▶ **RECORDS TO PROCESS**

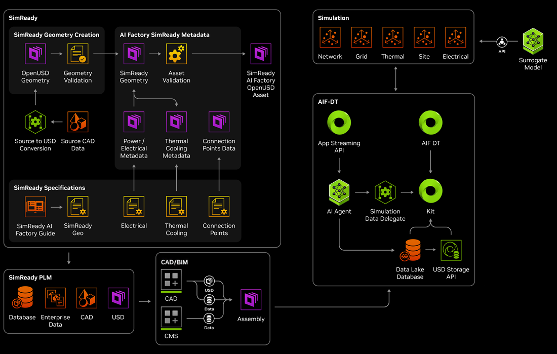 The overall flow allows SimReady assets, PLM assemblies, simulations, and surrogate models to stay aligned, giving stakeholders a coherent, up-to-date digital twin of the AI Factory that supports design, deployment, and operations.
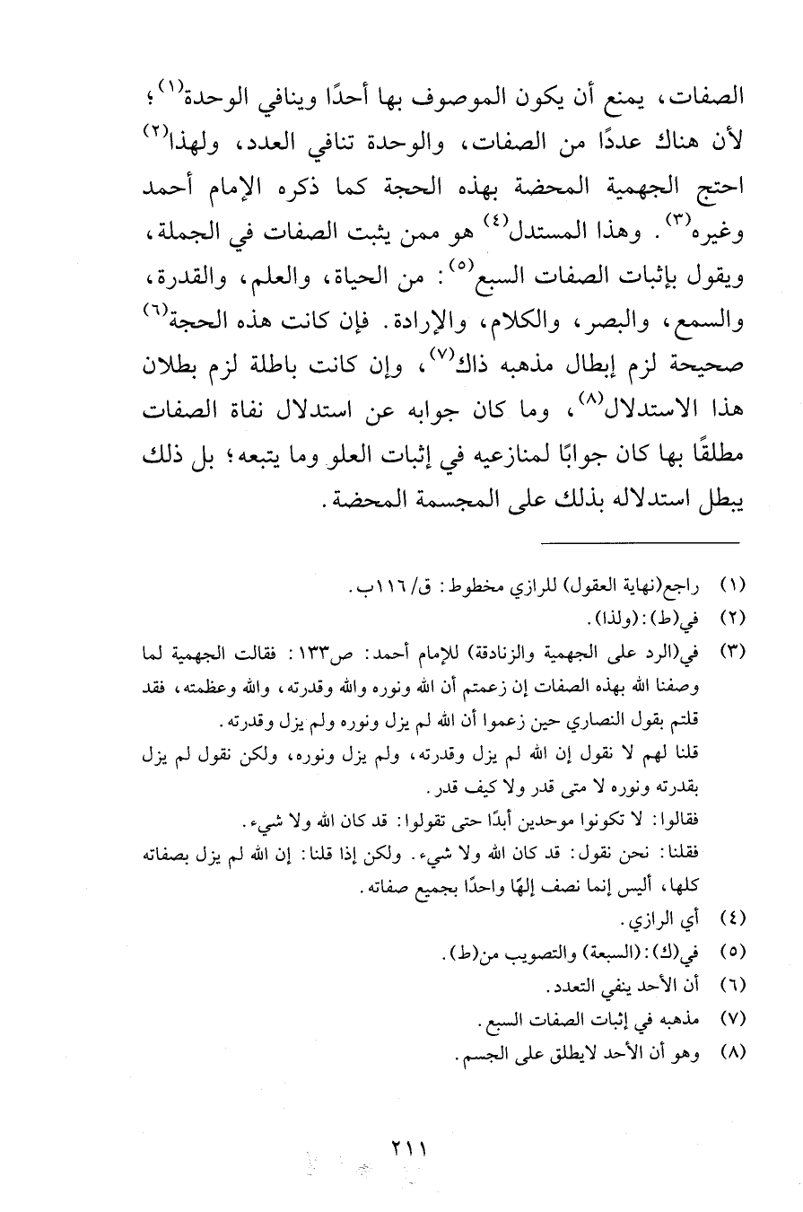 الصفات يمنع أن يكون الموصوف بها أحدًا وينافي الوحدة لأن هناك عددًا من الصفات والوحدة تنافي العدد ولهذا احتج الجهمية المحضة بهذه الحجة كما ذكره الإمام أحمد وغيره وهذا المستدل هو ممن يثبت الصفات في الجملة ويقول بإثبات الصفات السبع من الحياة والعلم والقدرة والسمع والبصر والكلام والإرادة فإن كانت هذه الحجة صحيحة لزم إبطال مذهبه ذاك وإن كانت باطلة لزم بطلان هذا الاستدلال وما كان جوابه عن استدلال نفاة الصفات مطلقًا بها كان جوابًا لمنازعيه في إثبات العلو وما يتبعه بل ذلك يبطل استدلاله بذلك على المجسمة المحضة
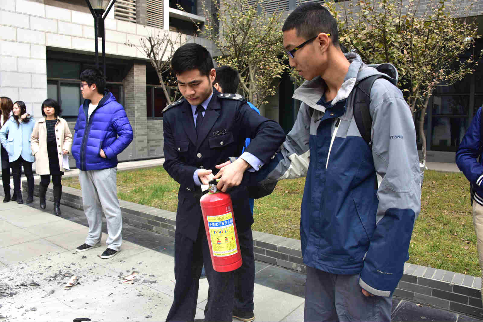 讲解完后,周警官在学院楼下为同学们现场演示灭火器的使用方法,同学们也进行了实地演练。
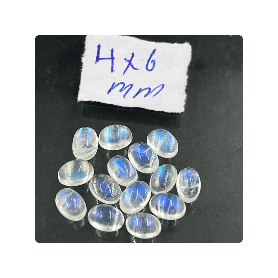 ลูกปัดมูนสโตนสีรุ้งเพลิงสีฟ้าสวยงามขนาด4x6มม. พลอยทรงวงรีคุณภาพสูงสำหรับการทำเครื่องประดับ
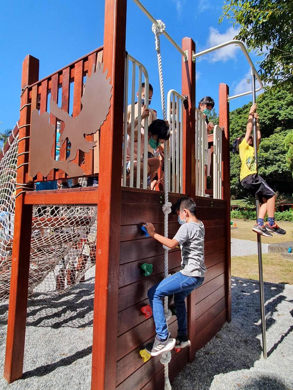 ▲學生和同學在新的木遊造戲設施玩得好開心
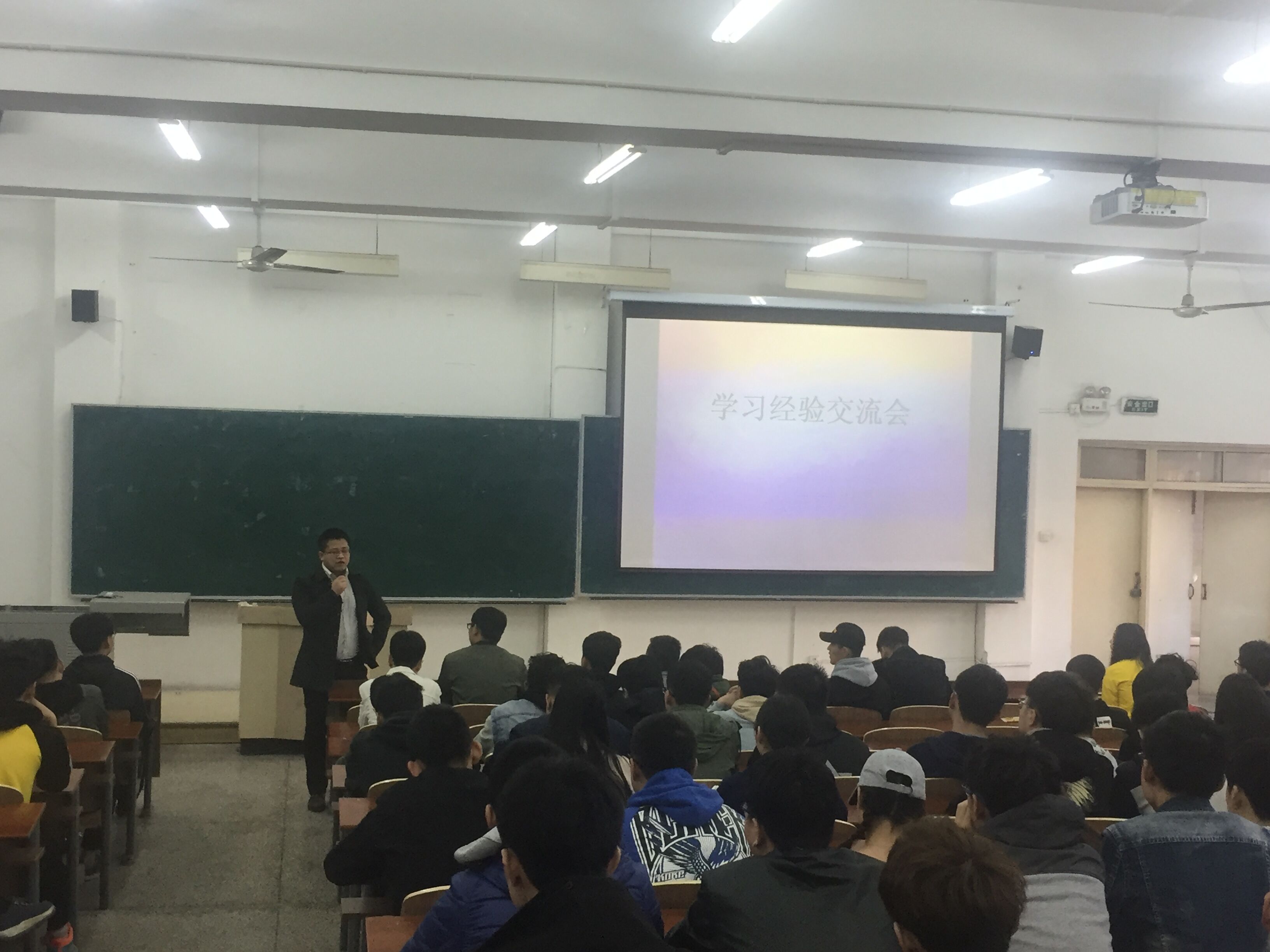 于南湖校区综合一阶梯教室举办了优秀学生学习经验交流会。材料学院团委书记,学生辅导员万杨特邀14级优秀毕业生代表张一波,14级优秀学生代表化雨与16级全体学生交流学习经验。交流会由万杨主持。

▶ **TASK STATEMENT**
Keep every word of the records exact as you write them out, but drop the pictures.

▶ **EXERCISE RESPONSE**
 The overall flow allows SimReady assets, PLM assemblies, simulations, and surrogate models to stay aligned, giving stakeholders a coherent, up-to-date digital twin of the AI Factory that supports design, deployment, and operations.
 الصفات يمنع أن يكون الموصوف بها أحدًا وينافي الوحدة لأن هناك عددًا من الصفات والوحدة تنافي العدد ولهذا احتج الجهمية المحضة بهذه الحجة كما ذكره الإمام أحمد وغيره وهذا المستدل هو ممن يثبت الصفات في الجملة ويقول بإثبات الصفات السبع من الحياة والعلم والقدرة والسمع والبصر والكلام والإرادة فإن كانت هذه الحجة صحيحة لزم إبطال مذهبه ذاك وإن كانت باطلة لزم بطلان هذا الاستدلال وما كان جوابه عن استدلال نفاة الصفات مطلقًا بها كان جوابًا لمنازعيه في إثبات العلو وما يتبعه بل ذلك يبطل استدلاله بذلك على المجسمة المحضة
 讲解完后,周警官在学院楼下为同学们现场演示灭火器的使用方法,同学们也进行了实地演练。
 ลูกปัดมูนสโตนสีรุ้งเพลิงสีฟ้าสวยงามขนาด4x6มม. พลอยทรงวงรีคุณภาพสูงสำหรับการทำเครื่องประดับ
 ▲學生和同學在新的木遊造戲設施玩得好開心
 于南湖校区综合一阶梯教室举办了优秀学生学习经验交流会。材料学院团委书记,学生辅导员万杨特邀14级优秀毕业生代表张一波,14级优秀学生代表化雨与16级全体学生交流学习经验。交流会由万杨主持。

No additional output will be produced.